However, even if these infrastructure equipment detection technologies are used, it is difficult to estimate with 100% accuracy depending on measurement conditions.

  This is because, for example, if the distance between the measurement vehicle (MMS) equipped with a laser scanner and the subject is large, the density of the measured three-dimensional points is small and the surface area to be measured is also small. Because it becomes difficult to do.

  Therefore, for the results estimated by the infrastructure equipment detection technology, if the information is correct while the equipment manager confirms whether the information is correct or incorrect as post-processing using the viewer software (GUI interface) Work to register in the equipment management database is required.

  At this time, the information of the equipment that has been detected in error may be ignored (or deleted by simple operation such as clicking by visual confirmation) without registering, but for equipment that has been detected undetected, it is again three-dimensional. Analysis must be performed using point clouds.

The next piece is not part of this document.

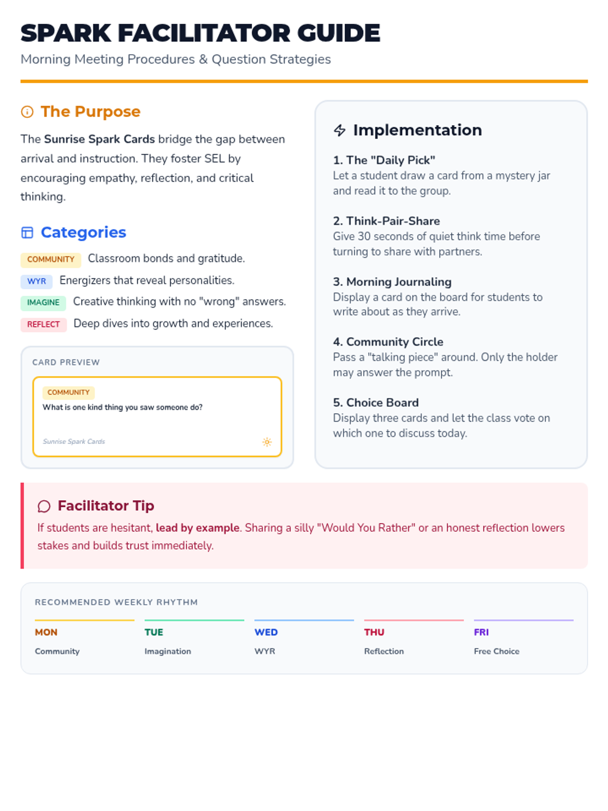 A facilitator's guide providing instructions, category breakdowns, and implementation strategies for using morning meeting prompt cards.
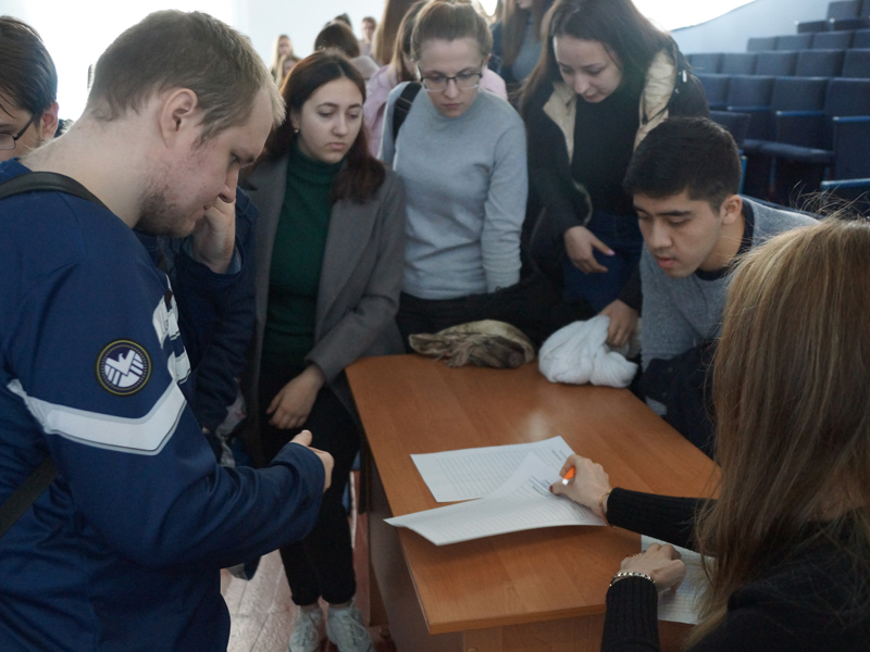 На этот раз мероприятие было организовано для студентов факультета технологии пищевых производств. Гостями стали представители ООО «Любимый город», ОАО «Сады Придонья», ООО «Альтернатива-Волга», а также АО «Производственная фирма «СКБ Контур».

  In the first place, it is difficult to improve the accuracy even if the automatic detection technology is applied again to the scene (3D point cloud data) where the result of the infrastructure equipment detection technology is wrong due to the poor quality of the measured point cloud. It is necessary to provide useful information for improving accuracy. Specifically, it is important to specify what the detection target object is included in the scene and to indicate in which position of the input scene (three-dimensional point group) the detection target object exists.

  From the above, in order to improve the detection accuracy, it is necessary to specify the detection target using a GUI interface or the like, and to determine the reanalysis range of the 3D point cloud and execute the detection process again. is there.

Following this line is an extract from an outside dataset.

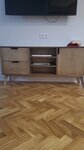 Ох Поехали. 1 фото ожидание цвета 2 реальность. По словам Дмитрия я должна была лично контролировать цвет, почему я? Не ясно. И главное как я, которая никогда не работала с деревом должна с фото подобрать цвет точнее, не понятно. Для него это одинаковые цвета, переделка платная. Дальше ещё веселее. Она вся кривая, держится на трёх болтах, доводчики не работают, верхняя планка с 5 точками опоры провисла( как?!! Неведомо, "мастера") Пришли доделывать ПЕРВЫЙ раз, человек потратил три часа, покрутил, повертел, исцарапал дубовый паркет и сказал "она кривая, я не знаю почему", забрали. ВТОРОЙ РАЗ, привезли, болтов новых прикрутили, верхушку выпрямили, но она все ещё кривая, болты не утоплены🤷🏼‍♀️ В ТРЕТИЙ РАЗ, Дмитрий почтил нас своим личным присутствием, болты утопил. Последние фото сегодняшние, будет 4 переделка. Внимание вопрос сколько раз нужно, чтобы переделать одну тумбу?

  At this time, the type of the detection object can be easily specified by the GUI, but it is difficult to specify the three-dimensional space. As shown in FIG. 24, “area specification” on one camera image measured by MMS (Mobile Mapping System) leaves uncertainty in the depth direction, so the reanalysis range in the three-dimensional space is determined. Not. Here, “designation of the area” means that the processing range is specified by drawing a line segment such as a figure such as a circle, square, rectangle, or a curve.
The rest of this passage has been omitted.